重要なのは「米国債=万能の安全資産」と雑に考えないことです。短期国債、中期国債、長期国債では値動きがまったく違います。個別債券で持つのか、ETFで持つのか、為替ヘッジを付けるのか、現金代替として使うのか、株式急落時のクッションとして使うのかによって、設計は変わります。本記事では、米国債を株式市場不安定時の安全資産として使うための具体的な考え方を、実践レベルで整理します。
米国債の基本構造を押さえる
米国債は満期によって性格が変わる
米国債は大きく分けると、短期、中期、長期に分類できます。一般に、満期が短いほど価格変動は小さく、満期が長いほど金利変動に敏感になります。たとえば、数ヶ月から1年程度の短期米国債は、株式のような大きな価格変動は起きにくく、ドル建ての現金に近い性格を持ちます。一方、20年超の長期米国債は、金利低下局面では大きく上昇する可能性がありますが、金利上昇局面では大きく下落します。
この違いを理解せずに「米国債は安全」とだけ考えると、想定外の損失を抱えることがあります。たとえば、株式が下落している局面でも、インフレ懸念が強く長期金利が上昇している場合、長期米国債ETFも同時に下落することがあります。つまり米国債は安全資産ではありますが、どの年限を持つかでリスク量が変わる資産です。
利回りと価格は反対に動く
債券投資の基本は、利回りと価格が逆方向に動くことです。市場金利が上昇すると、既存の低い利率の債券は魅力が低下するため価格が下がります。逆に市場金利が低下すると、既存の高い利率の債券は相対的に魅力が増すため価格が上がります。
この関係は、株式市場が不安定になったときの米国債活用に直結します。景気後退懸念や金融不安によって投資家がリスク資産を売り、米国債を買うと、米国債価格は上昇し、利回りは低下しやすくなります。この場合、米国債は株式下落のクッションとして機能します。しかし、株式下落の理由が「インフレ再加速」や「財政不安による金利上昇」であれば、株式と債券が同時に売られる可能性があります。
安全資産として使うなら目的を分ける
米国債を保有する目的は、大きく3つに分けられます。第一に、現金待機資金の置き場です。第二に、株式急落時のポートフォリオ変動を抑えるクッションです。第三に、金利低下局面でのキャピタルゲインを狙う戦術的な投資です。この3つを混同すると、運用判断がぶれます。
現金待機資金として使うなら、短期米国債や短期米国債ETFが中心になります。値動きの安定性を優先し、利回りを取りながら機動性を残す考え方です。株式急落時のクッションとして使うなら、中期米国債がバランスの取れた候補になります。長期米国債ほど金利感応度は高くありませんが、短期国債よりはリスクオフ時の価格上昇余地があります。金利低下を狙う戦術的な投資なら、長期米国債も候補になります。ただし、これは安全資産というより金利方向へのポジションです。
短期米国債の使い方:現金代替としての運用
短期米国債は、株式市場が荒れているときに「今すぐ株を買う必要はないが、円預金だけに置くのも機会損失が大きい」と考える投資家に向いています。満期が短いため金利変動による価格ブレが小さく、ドル建て資金の待機場所として使いやすいからです。

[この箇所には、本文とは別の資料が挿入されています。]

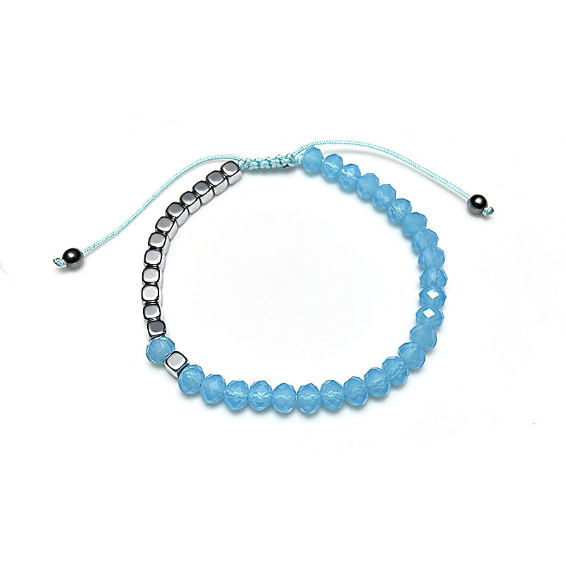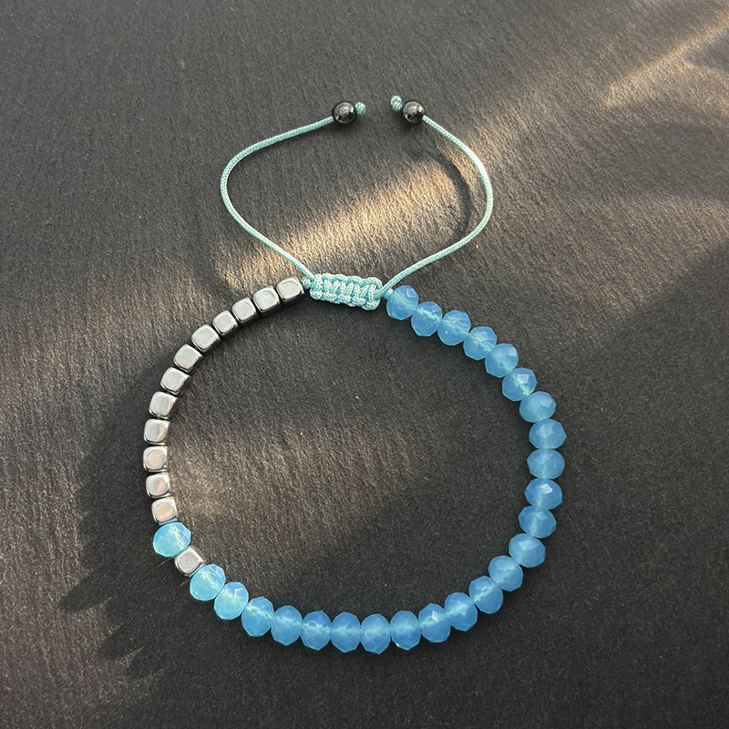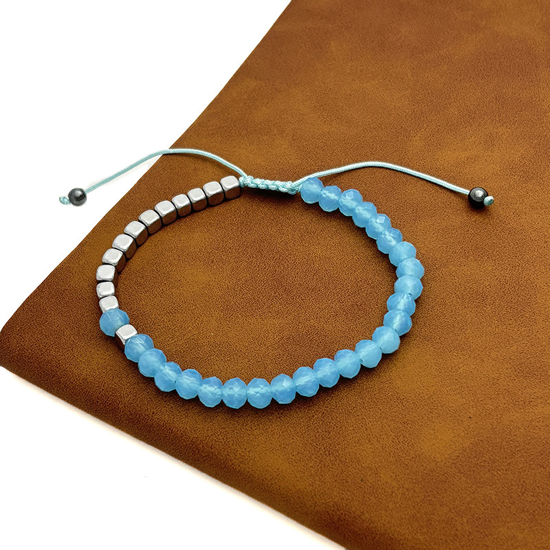 波西米亚风方形赤铁矿珠手工串珠可调节手链蓝色切面水晶珠手链

具体例として、1,000万円の投資資金があり、株式市場の不安定化を受けて新規買いを控えたい場面を考えます。このとき、すべてを円現金のままにするのではなく、300万円相当を短期米国債ETF、500万円を円現金、200万円を既存株式の買い増し余力として分ける方法があります。短期米国債ETFはドル円の変動を受けますが、債券価格自体の変動は比較的小さいため、ドル資金を保有する目的なら扱いやすい選択肢です。

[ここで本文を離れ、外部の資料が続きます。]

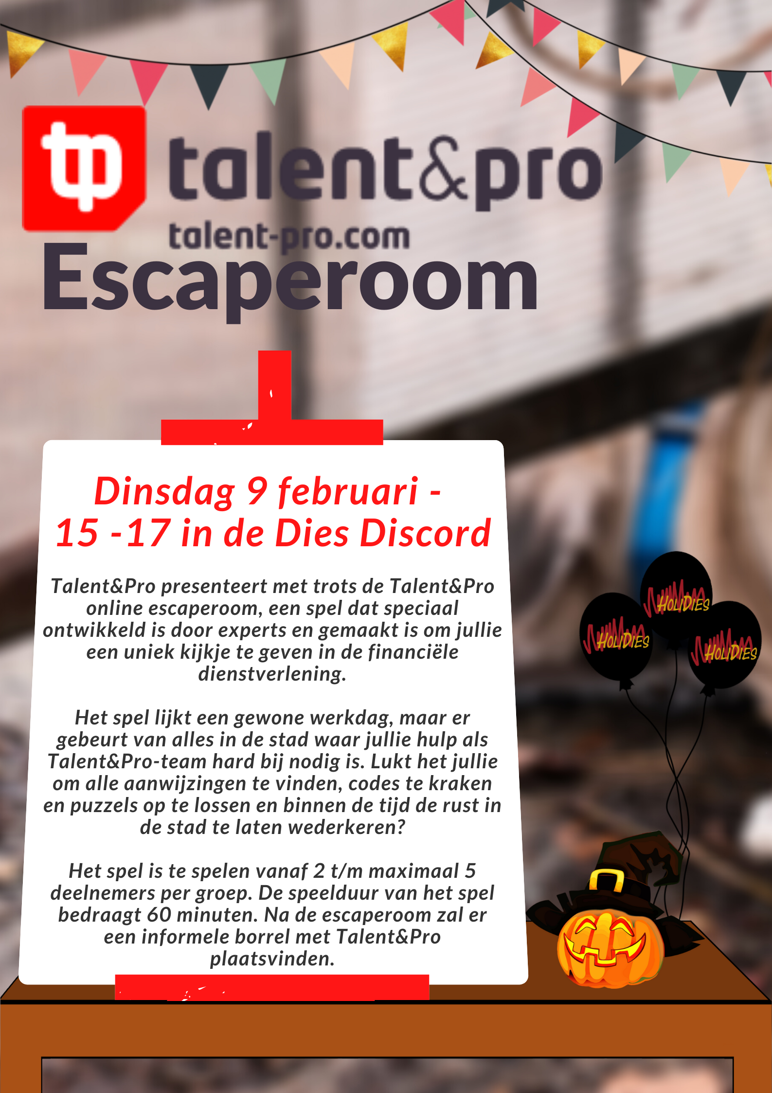Jullie worden vooraf voorzien van alle benodigde informatie om in te loggen in de online escaperoom. Het spel is te spelen vanaf 2 t/m maximaal 5 deelnemers per groep. Je groep krijgt een eigen kanaal toegewezen in de Dies Discord (a-es2.nl/diesdiscord) De speelduur van het spel bedraagt 60 minuten. Na de escaperoom zal er een informele borrel met Talent&Pro plaatsvinden.

ただし、日本円ベースで生活費や将来支出を考えている投資家は、為替リスクを必ず意識すべきです。短期米国債そのものの値動きが小さくても、ドル円が大きく円高方向に動けば、円換算評価額は減少します。短期米国債を現金代替として使う場合でも、「ドル建ての現金代替」であって「円建ての完全な現金代替」ではありません。
中期米国債の使い方:株式下落時のクッション
中期米国債は、安全資産としての実用性が高い領域です。短期債よりも価格上昇余地があり、長期債ほど金利変動に過敏ではないため、ポートフォリオ全体の安定化に使いやすいからです。株式市場が景気後退や企業業績悪化を警戒して下落する局面では、中期米国債が買われやすく、株式の損失を一部相殺する働きが期待できます。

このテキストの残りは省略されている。